GIVEN DATA:
[Start of section]
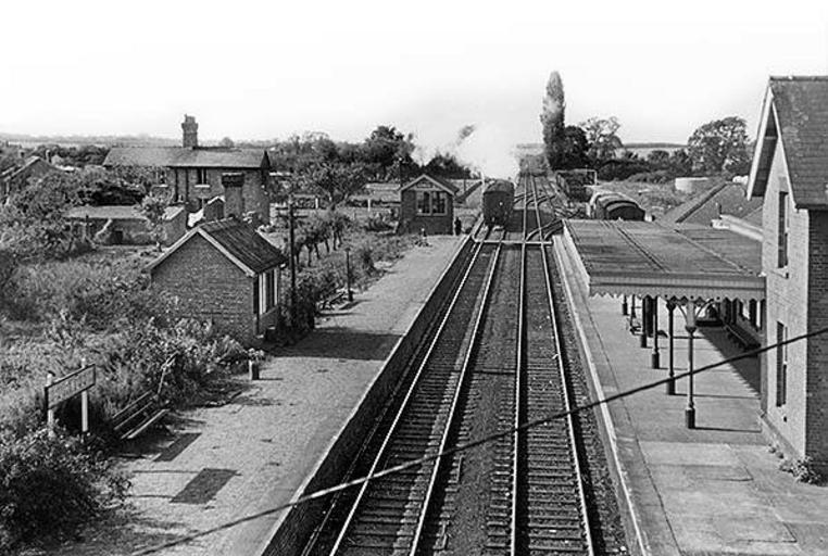 Keywords: 52 16N 0 19E Burwell railway station, 1957, was on the Cambridge and Mildenhall branch of the Great Eastern Railway. 2 June 1884 Opened. 18 June 1962 Closed.
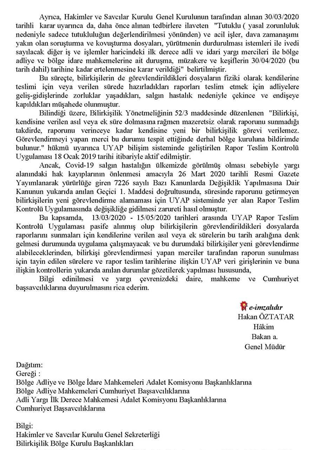Süresinde rapor teslimi yapamayan bilirkişilere yeni görev verilememektedir. Adalet Bakanlığı Hukuk İşleri Genel Müdürlüğü, Covid-19 salgını kapsamında yaşanan sorunu aşabilmek için Uyap'taki Rapor Teslim Kontrol Uygulamasını pasife aldığını duyurdu
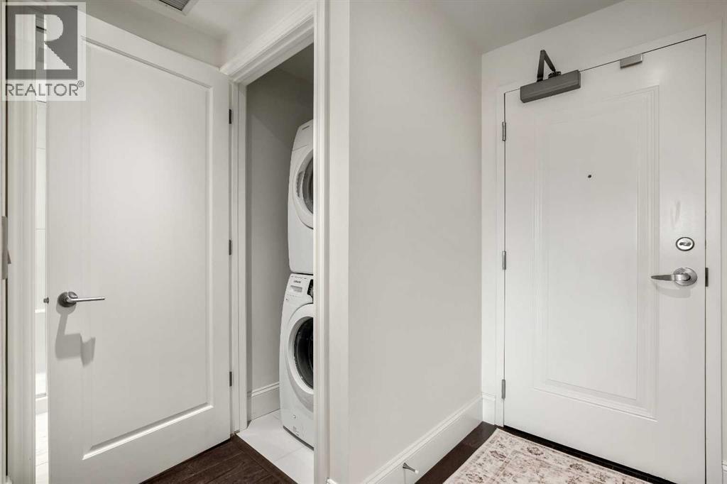 Experience luxury condo living in this beautiful, immaculately maintained 1-bedroom, 1-bathroom residence in this exquisite Champagne development. The unbeatable location has you walking out of your building just steps from the Bow River Pathway system, walking distance to Sue Higgins Off-Leash Dog Park, quick access to Deerfoot Trail, and walking-distance to shopping, restaurants, YMCA and more. This unit is located on the 4th floor of this quiet complex, delivering “penthouse qualities” with no overhead balcony, allowing natural light to flood the space. The interior is rich with quality and taste, featuring fresh paint, new carpet in the bedroom, a brand new microwave, tray ceilings, engineered hardwood flooring, 9 ft ceilings, marble tile, and top-of-the-line finishings. The chef's kitchen is centrally located within the unit, outfitted with premium stainless-steel appliances, including a gas range, an oversized granite island, soft-close cabinetry, making it perfect for entertaining or everyday casual dining. The bedroom can easily accommodate a king-size bed and more. The spa-like ensuite bathroom invites relaxation, offering a soaker tub as well as a tile shower. Enjoy the convenience of underground parking stall, a titled storage unit, bicycle storage, and a car wash bay. (id:6769
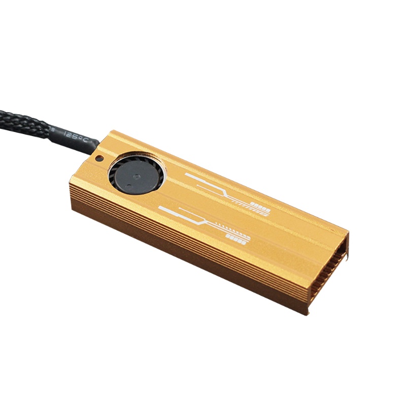 Thông số kỹ thuật: Vật liệu tản nhiệt: Hợp kim nhôm Ứng dụng: cho Ổ cứng thể rắn M.2 2280 Tốc độ quạt: 8000PRM Kích thước: xấp xỉ. 79x25x14mm / 3,11x0,98x0,55in Màu sắc: đen, vàng
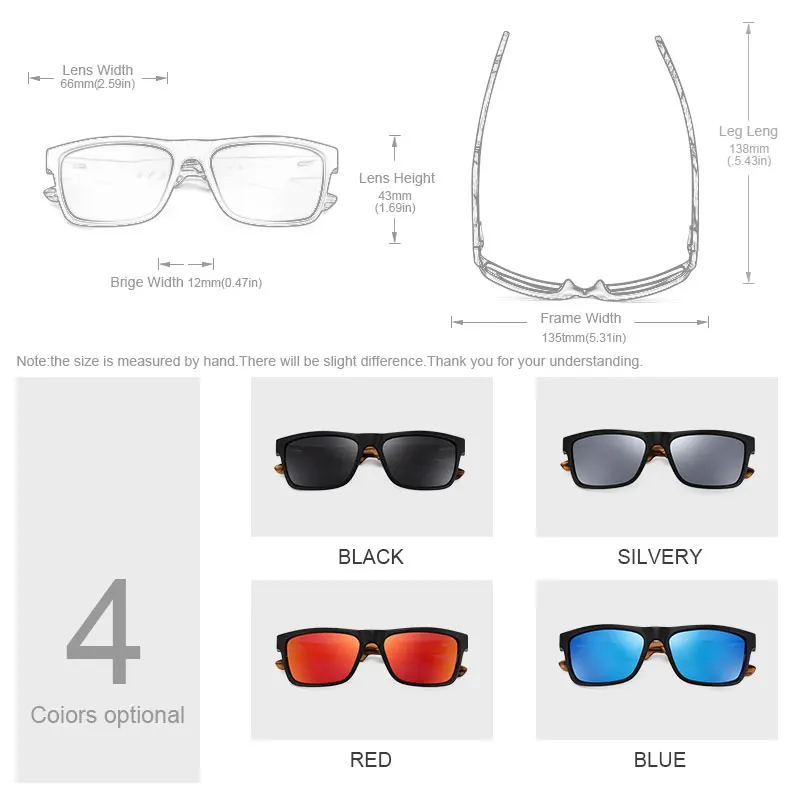 Мужские деревянные солнцезащитные очки Ravenisa, поляризационные квадратные синие солнцезащитные очки с УФ-защитой, мужские солнцезащитные очки
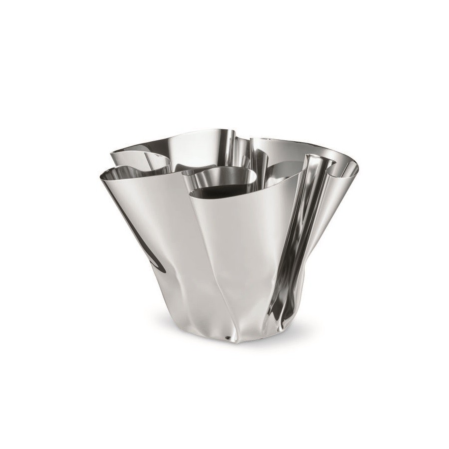Handcrafted and lain in folds like a theater curtain, the MARGEAUX vase sways in elegant waves. Despite its unobtrusive 12 inches diameter, even with a flower bouquet inserted, MARGEAUX loves to be center stage and enchants one with its appearance. The highly polished stainless steel gives it a particularly special note - with a drapery that is unequaled.
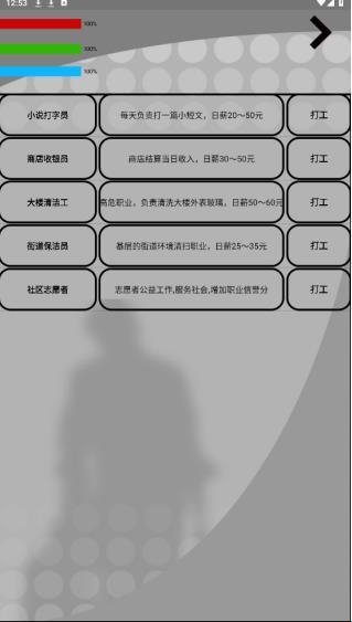 4.进入打工业面,目前我们可以选择的打工选项不多,耗费的时间以及获取的酬劳也会不同。
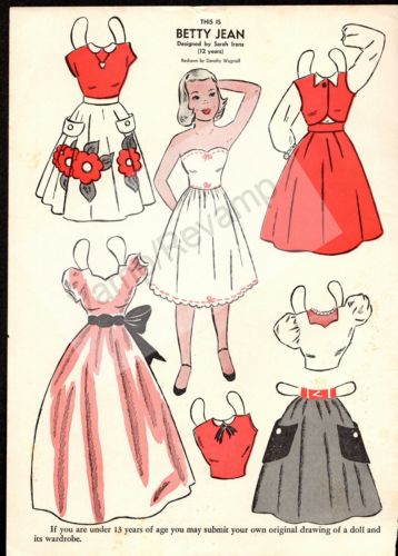Title (ebay affiliate link): JACK and JILL Magazine Paper Dolls c. 1953 Betty Jean - Free Shipping Offer
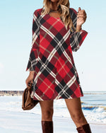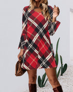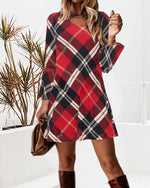 Plaid afslappet kjole med rund hals
[End of section]
In the records, the line containing "Title (ebay affiliate" starts the span and the final line ends it. Output exactly that span, both ends included, with no pictures and nothing else.

ANSWER:
Title (ebay affiliate link): JACK and JILL Magazine Paper Dolls c. 1953 Betty Jean - Free Shipping Offer
 Plaid afslappet kjole med rund hals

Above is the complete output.